Some additional embodiments of a connector assembly, which are disclosed herein, are configured for an implantable medical electrical lead with true bipolar pacing and sensing, have the aforementioned uniform outer diameter, and are constructed from three subassemblies as follows. A proximal subassembly of the connector assembly includes a first sealing surface, which extends distally from the proximal end of the connector assembly, a first contact surface, which extends distally from the first sealing surface, a first junction portion, which extends distally from the first contact surface, and a first shank, which extends distally from the first junction portion. A middle subassembly of the connector assembly includes a second sealing surface, a second contact surface, which extends distally from the second sealing surface, a second junction portion, which extends distally from the second contact surface, and a second shank, which extends distally from the second junction portion. The second sealing surface of the middle subassembly is bonded to the first junction portion of the proximal subassembly and abuts the first contact surface.
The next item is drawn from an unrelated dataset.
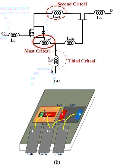 According to Huang Cascode device model, the most critical internal inductances are as shown in Figure 5a. Figure 5b shows the layout of the GaN HEMT cascode inside a conventional TO package. The arrangement of the device shows that parasitic inductances are primarily caused due to the interconnection between the device die, the leads and other interconnections. As the device currents with rapid transitions are restricted to such a compact area, the coupling effects between different conductors become significant and cause deviation from the expected behaviour. In this paper, we use this Cascode model which has been highly regarded by the power electronics community. According to this model, Lint3 is the current source inductance (CSI) for both Si MOSFET and GaN HEMT, as shown in Figure 5a. Thus, it is the most critical parasitic inductance. Lint1 is estimated to be the second most critical inductance. This is because it is the CSI of the high-voltage GaN HEMT which contributes to the majority of switching loss when compared to Si. Ls is found to be the third most critical inductance.
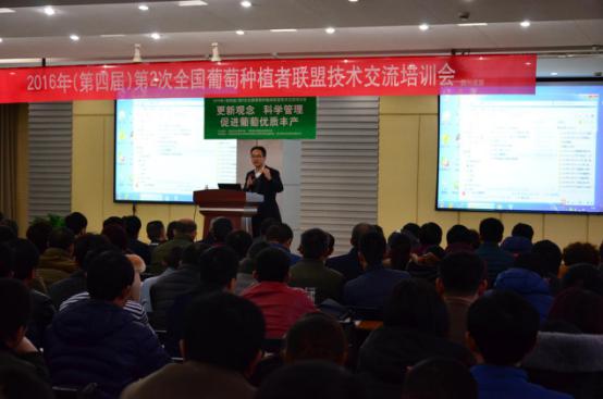 2016年12月19日-28日,第四屆(第1次,第2次)全國(guó)葡萄種植者聯(lián)盟技術(shù)交流培訓(xùn)會(huì)在國(guó)光召開(kāi),來(lái)自全國(guó)的葡萄種植戶(hù)、葡萄協(xié)會(huì)代表、經(jīng)銷(xiāo)商、零售商350余人參會(huì)。中國(guó)農(nóng)學(xué)會(huì)葡萄分會(huì)會(huì)長(zhǎng)、北京農(nóng)學(xué)院教授、全國(guó)知名葡萄專(zhuān)家晁無(wú)疾;國(guó)家葡萄產(chǎn)業(yè)技術(shù)體系崗位科學(xué)家、中國(guó)農(nóng)學(xué)會(huì)葡萄分會(huì)副會(huì)長(zhǎng)、上海交大教授王世平出席會(huì)議。

A distal subassembly includes a third sealing surface and a third junction portion, wherein the third sealing surface is bonded to the second junction portion of the middle subassembly and abuts the second contact surface, and the third junction portion is configured for a junction with an insulative sleeve of the medical electrical lead. An entirety of the each of the first, second, and third sealing surfaces and of each the first and second contact surfaces define the uniform outer diameter of the connector assembly. Each of the first and second shanks is integrally formed and electrically common with the corresponding contact surface; and each of the first and second junction portions is integrally formed with the corresponding sealing surface in a corresponding bulk of insulative material. The first shank of the proximal subassembly extends within a lumen of the middle subassembly; and the second shank of the middle subassembly extends within a lumen of the distal subassembly. Embodiments of the connector assembly further include a first coiled conductor, which is mounted around and coupled to the first shank of the proximal subassembly, and a second coiled conductor, which is mounted around and coupled to the second shank of the middle subassembly.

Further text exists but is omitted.